INFORMATION SUPPLIED START
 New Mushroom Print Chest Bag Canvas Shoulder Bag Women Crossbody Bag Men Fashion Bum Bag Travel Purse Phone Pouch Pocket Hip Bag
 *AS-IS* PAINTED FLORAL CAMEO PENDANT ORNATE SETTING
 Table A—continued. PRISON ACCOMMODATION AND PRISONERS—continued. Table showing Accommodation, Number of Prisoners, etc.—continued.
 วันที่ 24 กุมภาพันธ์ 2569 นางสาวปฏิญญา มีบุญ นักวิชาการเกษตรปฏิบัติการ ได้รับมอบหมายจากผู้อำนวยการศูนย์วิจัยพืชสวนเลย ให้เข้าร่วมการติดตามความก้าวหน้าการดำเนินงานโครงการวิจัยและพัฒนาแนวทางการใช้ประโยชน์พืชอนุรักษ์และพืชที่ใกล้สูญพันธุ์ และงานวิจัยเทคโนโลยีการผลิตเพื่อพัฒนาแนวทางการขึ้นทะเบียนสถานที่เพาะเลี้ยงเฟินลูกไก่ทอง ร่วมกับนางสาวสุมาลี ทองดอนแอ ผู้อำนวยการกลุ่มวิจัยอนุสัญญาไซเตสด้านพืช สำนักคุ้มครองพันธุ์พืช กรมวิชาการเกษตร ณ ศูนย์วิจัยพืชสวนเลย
INFORMATION SUPPLIED END
INFORMATION SUPPLIED START
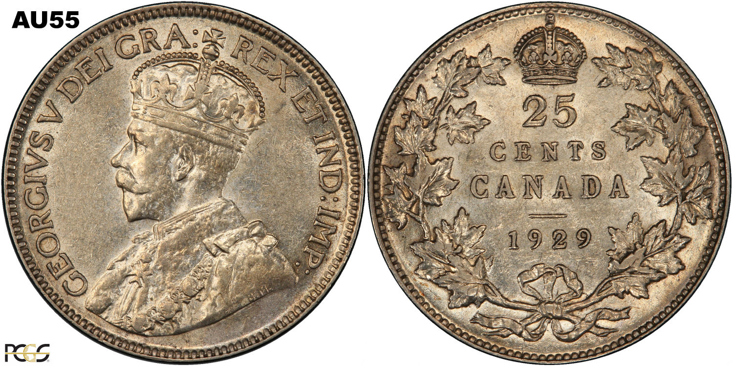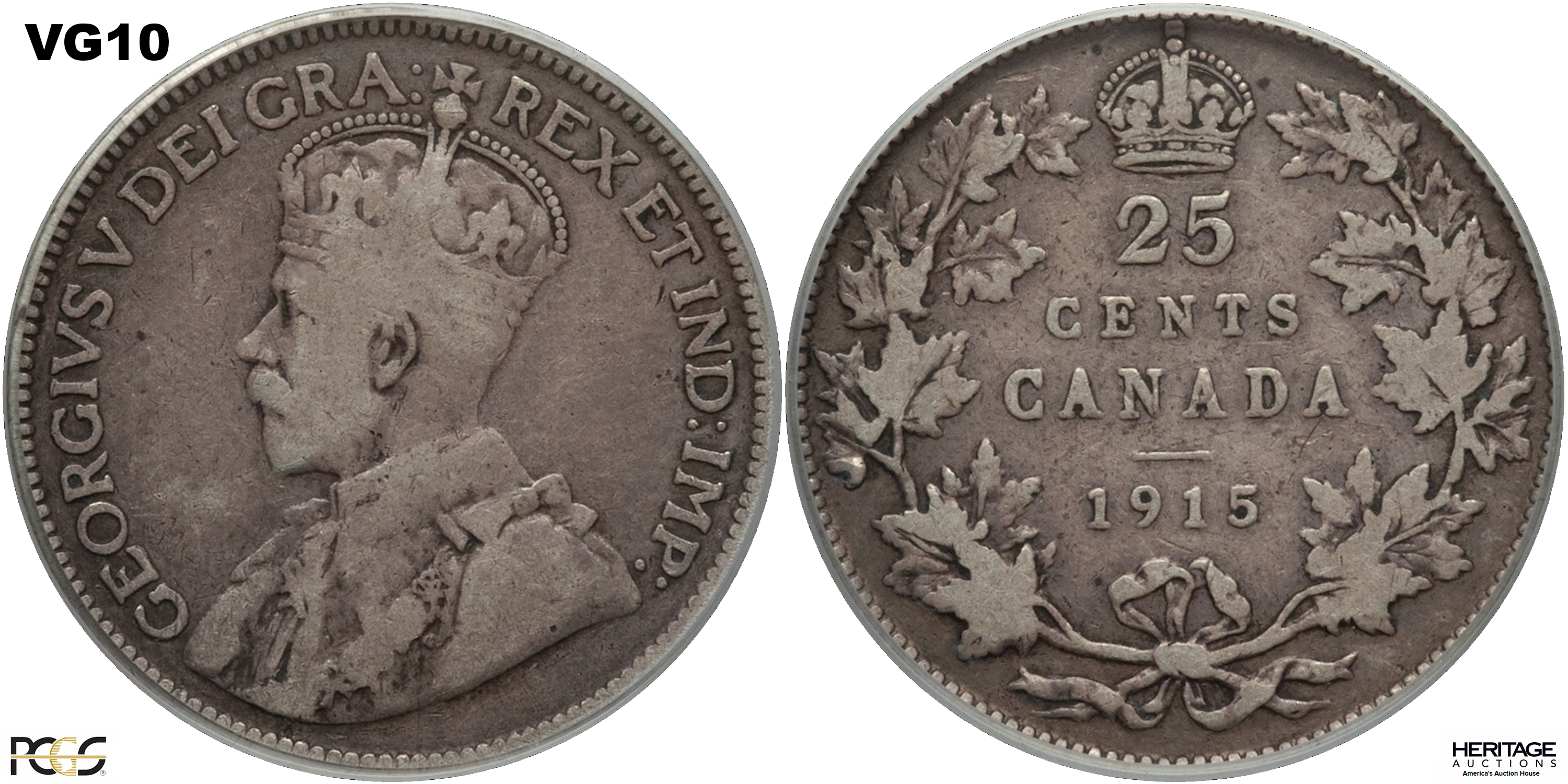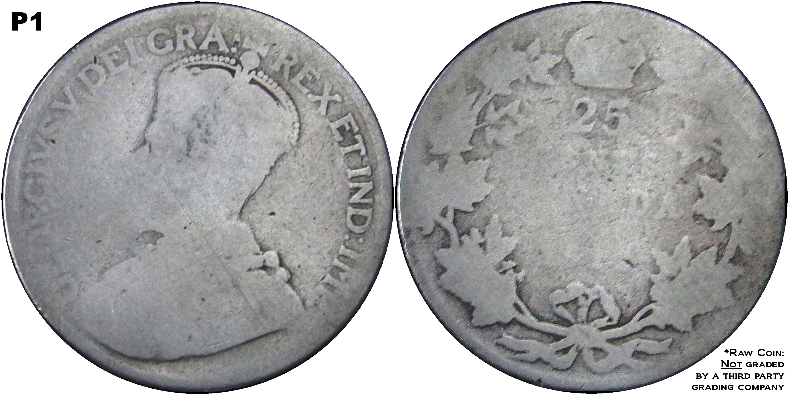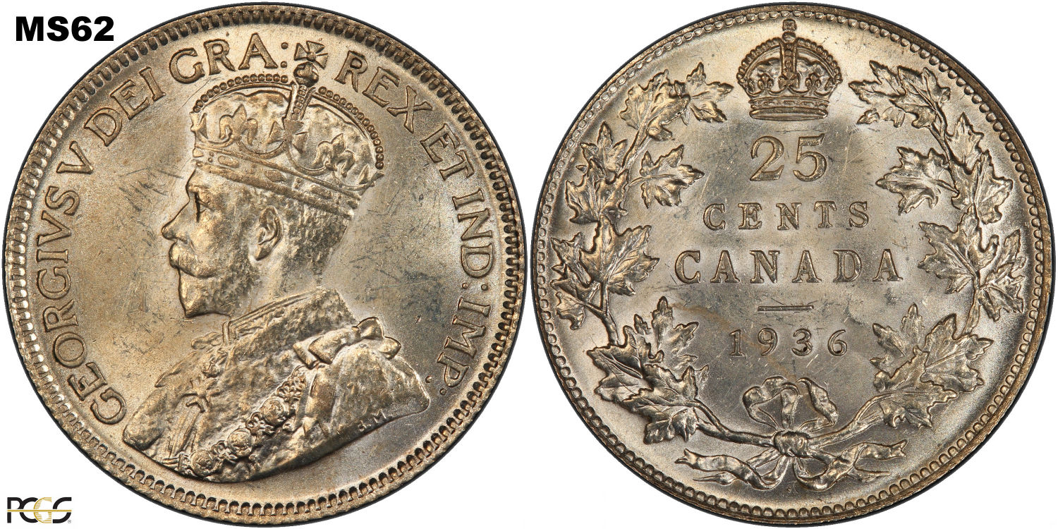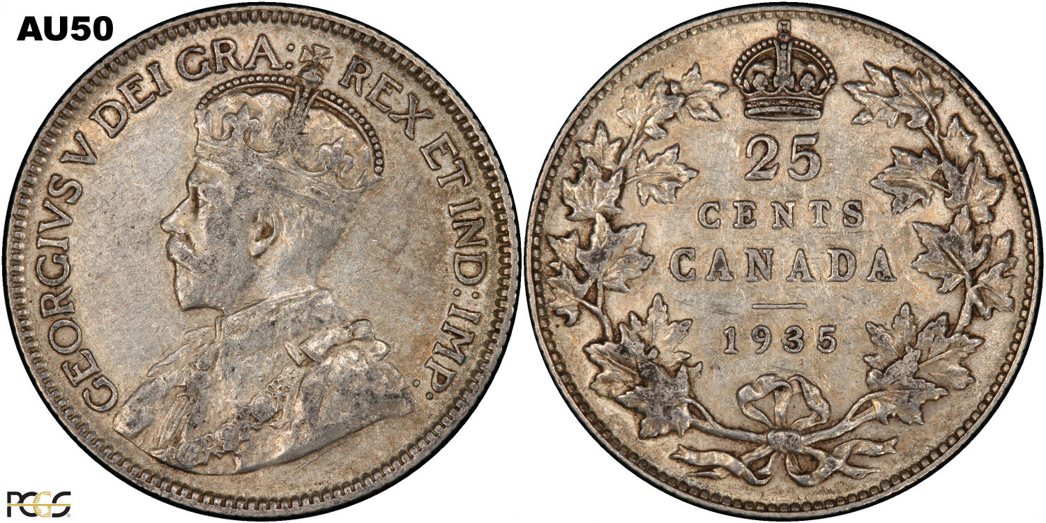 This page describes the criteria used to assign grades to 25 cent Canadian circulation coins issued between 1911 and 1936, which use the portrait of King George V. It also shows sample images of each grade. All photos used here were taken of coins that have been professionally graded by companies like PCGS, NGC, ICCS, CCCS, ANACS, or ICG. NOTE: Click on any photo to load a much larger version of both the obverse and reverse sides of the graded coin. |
INFORMATION SUPPLIED END
INFORMATION SUPPLIED START
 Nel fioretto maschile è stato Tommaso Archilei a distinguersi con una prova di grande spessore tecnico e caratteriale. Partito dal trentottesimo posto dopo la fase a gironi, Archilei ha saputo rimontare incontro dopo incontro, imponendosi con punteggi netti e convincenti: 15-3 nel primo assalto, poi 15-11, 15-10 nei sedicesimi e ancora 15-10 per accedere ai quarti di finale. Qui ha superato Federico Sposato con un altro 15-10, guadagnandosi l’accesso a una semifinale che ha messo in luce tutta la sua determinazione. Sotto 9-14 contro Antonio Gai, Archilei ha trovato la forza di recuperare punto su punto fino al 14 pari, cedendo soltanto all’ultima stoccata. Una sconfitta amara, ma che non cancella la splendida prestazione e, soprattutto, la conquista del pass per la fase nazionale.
INFORMATION SUPPLIED END
### WHAT YOU SHOULD DO
Both the line containing "New Mushroom Print" and the line containing "วันที่ 24 กุมภาพันธ์" belong in the answer. Print them and every line above that falls between them exactly, and no others.

### RESULT
 New Mushroom Print Chest Bag Canvas Shoulder Bag Women Crossbody Bag Men Fashion Bum Bag Travel Purse Phone Pouch Pocket Hip Bag
 *AS-IS* PAINTED FLORAL CAMEO PENDANT ORNATE SETTING
 Table A—continued. PRISON ACCOMMODATION AND PRISONERS—continued. Table showing Accommodation, Number of Prisoners, etc.—continued.
 วันที่ 24 กุมภาพันธ์ 2569 นางสาวปฏิญญา มีบุญ นักวิชาการเกษตรปฏิบัติการ ได้รับมอบหมายจากผู้อำนวยการศูนย์วิจัยพืชสวนเลย ให้เข้าร่วมการติดตามความก้าวหน้าการดำเนินงานโครงการวิจัยและพัฒนาแนวทางการใช้ประโยชน์พืชอนุรักษ์และพืชที่ใกล้สูญพันธุ์ และงานวิจัยเทคโนโลยีการผลิตเพื่อพัฒนาแนวทางการขึ้นทะเบียนสถานที่เพาะเลี้ยงเฟินลูกไก่ทอง ร่วมกับนางสาวสุมาลี ทองดอนแอ ผู้อำนวยการกลุ่มวิจัยอนุสัญญาไซเตสด้านพืช สำนักคุ้มครองพันธุ์พืช กรมวิชาการเกษตร ณ ศูนย์วิจัยพืชสวนเลย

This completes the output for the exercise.